Ясно, что метод строгого права не способен охватить все существенные элементы данного случая; быть может, возможно утверждать, что против соблазна должны быть приняты более строгие меры. Легко однако видеть, насколько велики были бы затруднения, если бы к подобным вопросам закон пытался применять точные методы.
Выражение факт в английском юридическом словоупотреблении распространяется иногда на все вопросы, которые исследуются и решаются судами не на основании установленных правовых норм. Может случиться, что не имеется нормы, предусматривающей вопрос, возникший по делу, однако же суд должен так или иначе разрешить стоящую перед ним проблему. Такие вопросы именуются иногда вопросами факта, хотя разрешение такого вопроса по данному делу создаст на будущее время некоторый юридический базис, после чего он уже перейдет из области фактов в область права.
Так, в тех случаях, когда оспаривается значение терминов закона, которым до сих пор не было дано авторитетного истолкования, суд истолкует его согласно обстоятельствам данного дела и вынесет решение относительно этих обстоятельств, на которое в последующих случаях будут ссылаться, как на действующее право. В одном недавнем деле (Даллимор против Вильямса) истец нанял несколько музыкантов для концерта, за определенное вознаграждение; ответчики, которые были должностными лицами Соединенного Союза Музыкантов, протестовали против оговоренной платы и посредством циркулярных писем, выставления пикетов и угроз побудили некоторых музыкантов нарушить их контракт с истцом. При обыкновенных обстоятельствах, вызывать подобными средствами нарушение контракта является правонарушением, за которое можно требовать возмещения убытков; но согласно акту о промышленных конфликтах (1906) тред-юнион, побуждающий к нарушению кон[749]тракта вследствие промышленного конфликта, избавлен от ответственности.

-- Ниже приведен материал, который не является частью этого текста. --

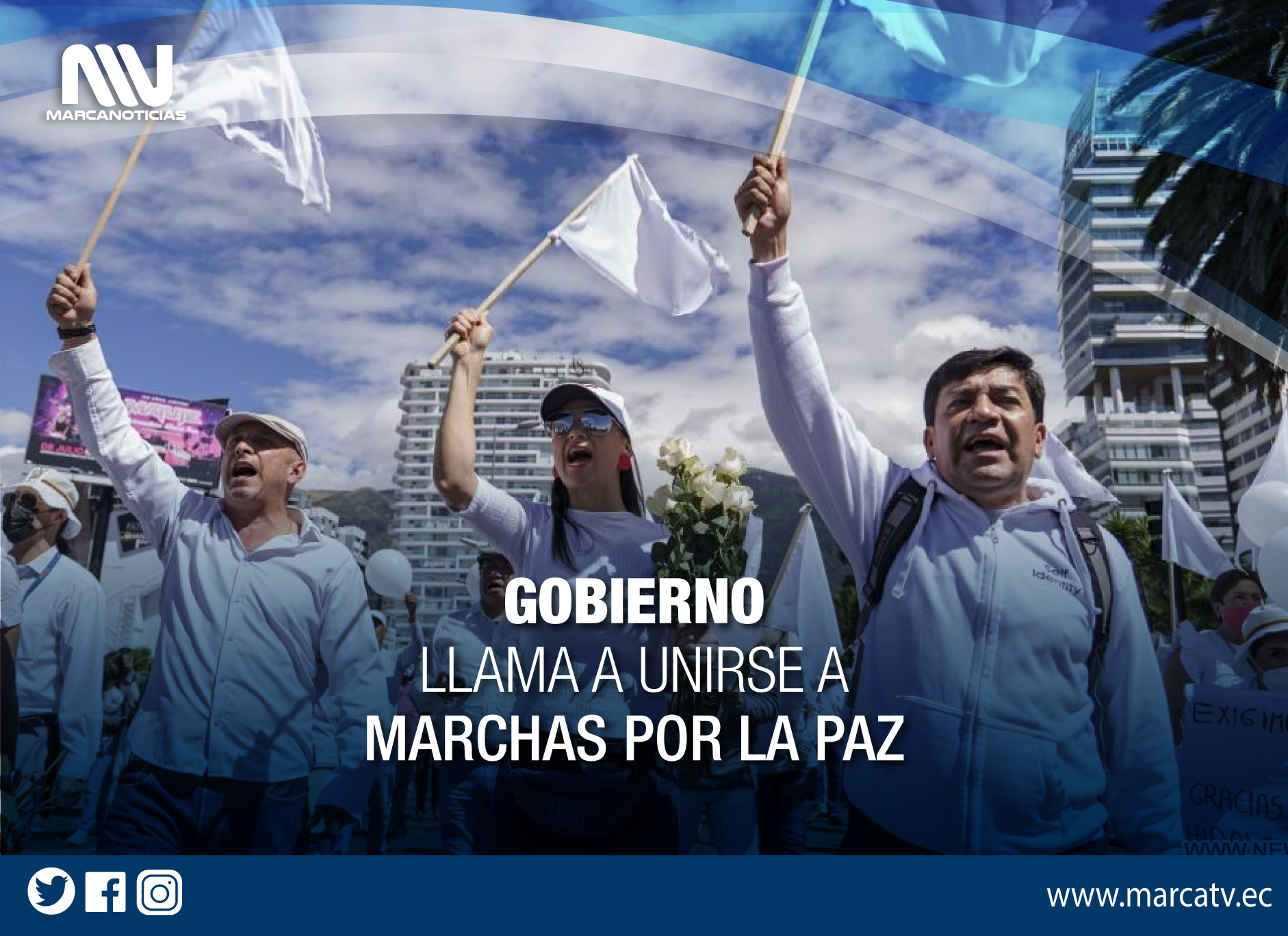 La Secretaría General de Comunicación del Ejecutivo informó este sábado que “respalda esta iniciativa y se suma a esta causa”, por lo que convocó a plegarse a los llamados. “Serán los escenarios de concentración para los ciudadanos que le dicen ¡sí a la paz! Con banderas y camisetas blancas, la ciudadanía hará un llamado a todo el país para que la unidad, el diálogo y la paz imperen en el Ecuador y en su capital”, dice un comunicado oficial.

Поэтому возник вопрос – являлось ли данное дело с точки зрения закона «промышленным конфликтом»; в случае утвердительного ответа должностные лица юниона не подлежали ответственности. При судебном разбирательстве судья указал присяжным, что под «промышленным конфликтом» понимается либо спор между хозяином и его служащими, либо между самими служащими. Решение было вынесено в пользу истца, и ответчики подали апелляционную жалобу. Апелляционный суд высказался, что судья слишком узко истолковал термин «промышленный конфликт», и что термин этот может равным образом относиться и к спору между предпринимателем и тред-юнионом, как и обстояло дело в данном случае. Вынося это решение, суд пояснил, что при решении он не руководился каким-либо определенным авторитетом относительно истолкования выше указанного термина, ибо главное дело, на которое ссылался истец (Конвей против Вэда, 1909), по мнению суда, было решено по другим основаниям и поэтому вынесенное тогда решение не обязательно для данного случая. Таким образом суд в сущности решал вопрос факта, который, однако, во всех будущих делах, затрагивающих тот же самый вопрос, будет рассматриваться в силу этого решения, как вопрос права.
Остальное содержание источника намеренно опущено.